Bernie Kerik F*cks Around With January 6 Select Committee, For A Change

To paraphrase Leo Tolstoy, compliant witnesses are all alike; each non-compliant witness throws up a middle finger in a slightly different way. Now that it's former New York police commissioner and presidential pardon recipient Bernie Kerik's time in the barrel, he's putting his own special spin on the one finger salute to the House January 6 Select Committee. And that spin appears to be that the Big Lie is true — or at the very least that it was never investigated, so the jury's still out.
Here's his lawyer Timothy Parlatore fulminating in a letter to the committee:
The fatal flaw in all of your rhetoric about your investigation is that you are operating under the following presumptions, without first conducting an investigation:
1. That there was no widespread fraud in the 2020 election;
2. That the Trump campaign knew that there was no widespread fraud;
3. That the Trump campaign chose to knowingly push false claims of election fraud in an effort to subvert the constitutional process and overturn the will of the people.
The information that Mr. Kerik can provide, presuming we can resolve the privilege issues, will undermine confidence in the first presumption and will eviscerate the second and third presumptions.
Spoiler Alert: No, it won't. It's the same warmed-over horse shit about Antrim County, Michigan, suitcases of ballots in Atlanta, and the "statistical impossibility" of the absentee vote going to President Biden 2:1.
And not for nothing, but as part of discovery in one of the eleventy-seven defamation lawsuits arising out of this clusterfuck, the campaign already produced a memo written on November 13 proving it knew damn well that Rudy was spouting nonsense about Dominion and Smartmatic.
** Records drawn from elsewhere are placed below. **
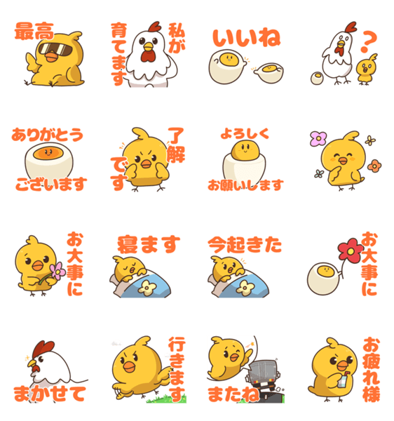 主にヒヨコのスタンプです。たまご好きやニワトリ好きの方もどうぞ!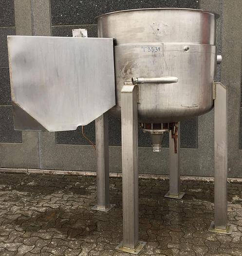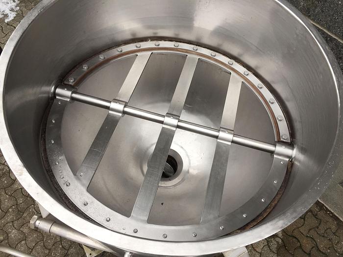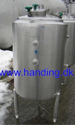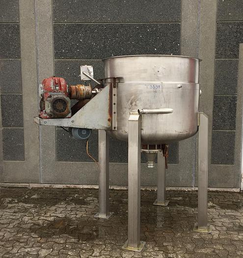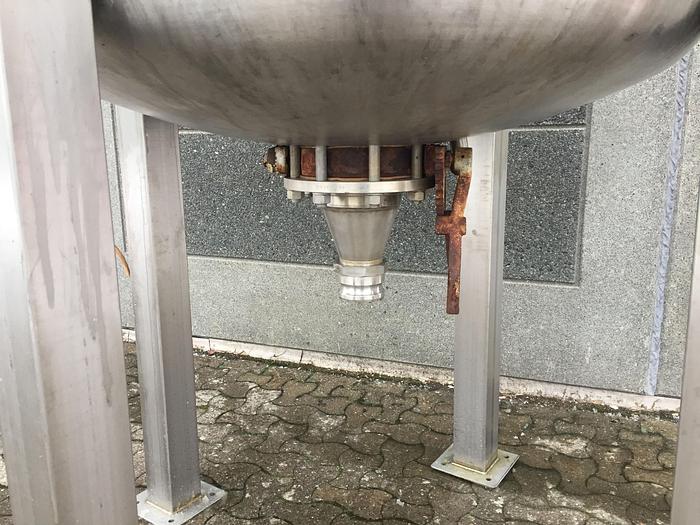 600 Liter, Best.-Nr.: T3539, Liter: 600, Material: Edelstahl AISI 316, Auf Lager: Ja, Menge auf Lager: 2 Stk., Artikel: Tank, Stehend: 4 Stk. Anzahl der Beine, Oben: Offen, Doppelmantel: Ja, Rührwerk: Ja, Rührwerkstyp: Horizontales Rahmenrührwerk mit Schaber, Motor: 0,71/1,3 kW - 380/420 Volt - 700/1330 U/min., Innendurchmesser: 1050 mm., Maße: B 1900 x H 1970 mm., Hersteller: DE DANSKE MEJERIERS MASKINFABRIK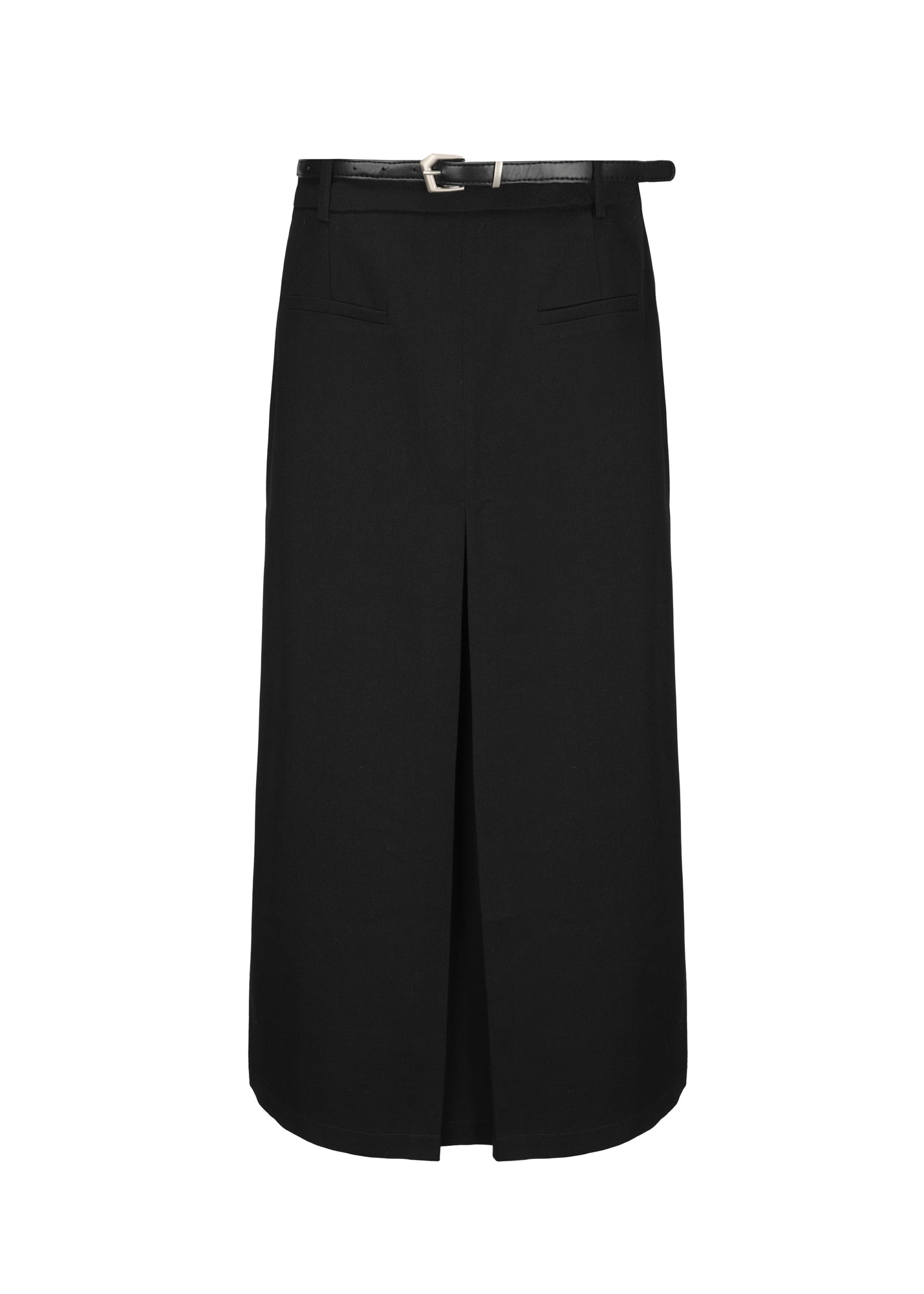 The Signature Woven A-Line Skirt features a delicate belt and central split seam, blending classic structure with modern elegance for versatile styling.

It's got fun subheadings like "Dominion Voting Systems Does Not Own Smartmatic," and "Dominion Has No Company Ties to Venezuela."
Last week, Kerik promised that anything he handed over to the committee would be released to the public, and this week he made good on that, throwing hundreds of pages up in a publicly accessible Dropbox folder on New Year's Eve. Politico was first to flag the documents, pointing out that Kerik's privilege log — i.e., the list of documents responsive to the subpoena which are being withheld due to attorney-client privilege — contains some eye-popping references.
Most shocking is a "Draft letter from POTUS to seize evidence in the interest of National Security," which Kerik claims is attorney-client privileged because it was "drafted and/or edited by an attorney." It's unclear exactly how advice on official presidential acts can be attorney work product for the campaign, which Kerik claims was his client. (Or possibly Trump, he uses both interchangeably: "As I have noted multiple times in the past, Mr. Kerik is not the privilege holder, President Trump is.") It's also unclear why he's bothering to withhold half this stuff, since Giuliani already put out his supposed evidence of "disparities in voting highlighting possible malfeasance," and it landed like a lead balloon. The privileged "Compliation of Rants" [sic] is very on brand, though, both for the typo and the substance matter.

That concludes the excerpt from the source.